A ambição de Putin é restaurar a Grande Rússia, começando pelo núcleo com Belarus e Ucrânia
“É tudo culpa de Lênin”, pontificou outro Vladimir, Putin, no sinistro discurso que pronunciou na TV russa anunciando o reconhecimento da independência dos enclaves separatistas do Donbass. O líder da Revolução Russa teria fabricado a Ucrânia, privando a Rússia de seu berço cultural. A história putínica é lenda destinada a justificar uma guerra de agressão, mas ilumina um dilema de cem anos.
Nas suas linhas gerais, o mapa atual da Europa foi desenhado pelos tratados que encerraram a Grande Guerra, entre 1918 e 1920. Sob o impacto dos nacionalismos e do programa de Woodrow Wilson, nasceram os Estados-Nação.
As novas entidades, supostamente ancoradas na língua e na tradição, foram esculpidas a partir das ruínas dos impérios que desabavam. Desapareceram os impérios Alemão, Austro-Húngaro e Turco-Otomano. Contudo, graças ao triunfo dos revolucionários bolcheviques, sobreviveu o Império Russo, apenas convertido na URSS. “Império vermelho”, mais que uma expressão retórica, é a descrição precisa da conservação de um fóssil no permafrost do Estado soviético.
Nada, porém, atravessou impunemente a era dos nacionalismos. O tema nacionalista infectou o pensamento comunista, condicionando a organização política do “Império vermelho”. Lênin, o danado, criou uma união de 15 repúblicas nominalmente soberanas. Nesse sentido específico, Putin fala a verdade.

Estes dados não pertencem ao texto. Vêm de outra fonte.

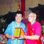 来自各地庙宇的21尊金身在理事的护送下平安到达泗水三保圣庙,并摆放在神坛上两天。为感谢各地庙宇代表,泗水三保圣庙名誉主席吴裕远分别向各庙宇代表赠送纪念品并合影留念。(Aprilia/LFS译)
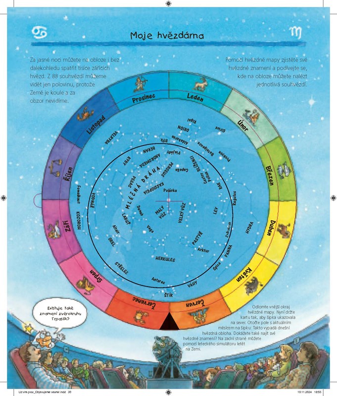 Vydejte se s námi do vesmíru! Žije tam nahoře někdo? Jak vypadá Mezinárodní vesmírná stanice? Co všechno musí zvládnout astronaut a jak se ve vesmíru chodí na záchod? Tato kniha přináší odpovědi na ty nejvšetečnější otázky. Děti se dozvědí spoustu informací o Slunci, planetách a měsících, nahlédnou do každodenního života astronautů ve stavu beztíže a zjistí, proč je naše planeta tak jedinečná a krásná.
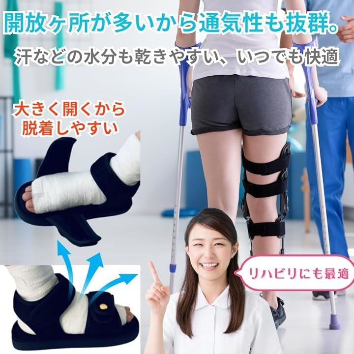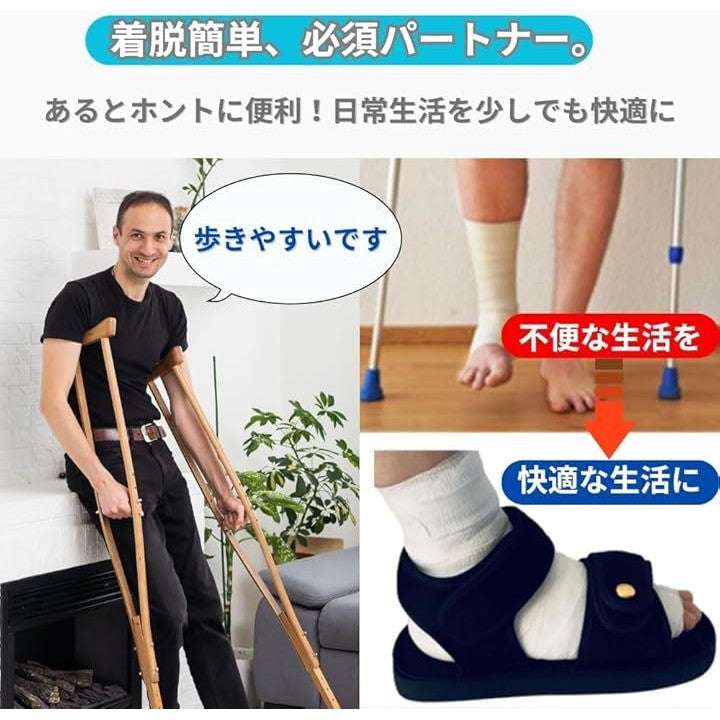 骨折 サンダル ギプスシューズ 足 靴 介護シューズ リハビリ 片足 左右兼用 調整可能 松葉杖
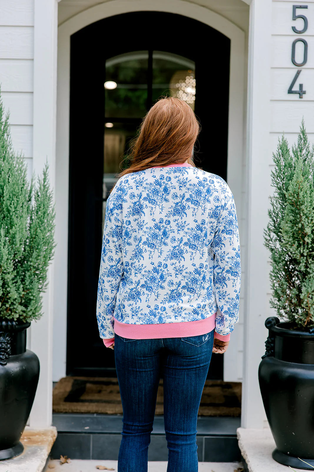 Soft, cheerful, and full of holiday charm, it's perfect for celebrating in comfort and style. Stay cozy and festive in this blue floral sweatshirt with pink accents and a pink sparkle "Merry Christmas" design.
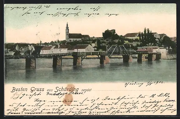 AK Schärding, Ortsansicht mit Brücke und Kirche
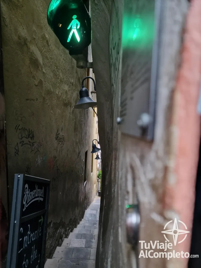 Originalmente era un acceso para conectar las casas con el canal y los molinos cercanos, pero con el tiempo se convirtió en un atractivo turístico por su peculiaridad. Cuando el semáforo se pone en verde, atraviesas un pasadizo empinado que termina en una zona con terrazas junto al agua, lo que lo convierte en un rincón curioso y divertido para añadir a tu lista de cosas que visitar en Praga.

De fato, claro, o Estado soviético era uma entidade centralizada: uma constelação que girava ao redor da Rússia, ou melhor, do PCUS. Não é por acaso que cada república tinha seu próprio partido comunista, menos a Rússia. O partido único russo era o PCUS, centro intocável do poder. Mas, ironicamente, a soberania fictícia das repúblicas soviéticas propiciou, no final de 1991, o fundamento jurídico para a criação dos 15 Estados pós-soviéticos, entre os quais a Ucrânia.
A história putínica, fixada em Lênin e na implosão da URSS, ignora o nacionalismo ucraniano. Como todas as narrativas nacionais, ele ergue uma “comunidade imaginada” cuja inspiração remonta ao proto-Estado militar cossaco (Zaporozhian Sich) que, entre 1552 e 1775, conservou uma relativa autonomia diante de poloneses, otomanos e russos.
Na saga nacional ucraniana, ocupa lugar de destaque o Holodomor, o extermínio pela fome de mais de 3 milhões provocado pela coletivização forçada soviética em 1932-33, que reacendeu a chama antirrussa. O termo genocídio, hoje capturado por oportunistas diversos, inclusive Putin, define adequadamente a tragédia emanada daquele experimento de engenharia político-social. A revolução popular na Ucrânia, em 2013-14, que está na raiz da invasão russa em curso, evidenciou a persistência do nacionalismo ucraniano.
A expansão da Otan para leste, um erro histórico do Ocidente, não é a causa da invasão russa, mas o pretexto encontrado pelo chefe do Kremlin. A hipótese de candidatura da Ucrânia à aliança ocidental foi congelada desde a ação militar russa de 2014. O real motivo da invasão foi exposto por Putin, no discurso em que rejeitou a legitimidade de um Estado ucraniano soberano. Sua ambição é restaurar a “Grande Rússia”, começando pelo núcleo tripartite Rússia/Belarus/Ucrânia. O Império Russo —preservado sob a forma de URSS no final da Grande Guerra e quase arruinado em 1991— tenta se reconstituir por meio de uma capitulação versalhesa da Ucrânia.
Nossa Constituição determina que, nas suas relações internacionais, o Brasil rege-se pelos princípio da “independência nacional”, da “autodeterminação dos povos”, da “não-intervenção” e da “igualdade entre os Estados”. O Itamaraty passou os três dias decisivos recusando-se a condenar a invasão russa. Nesse passo, Bolsonaro convergiu com Dilma Rousseff, que rejeitou condenar a anexação russa da Crimeia em 2014. São governantes que sabotam nosso contrato político.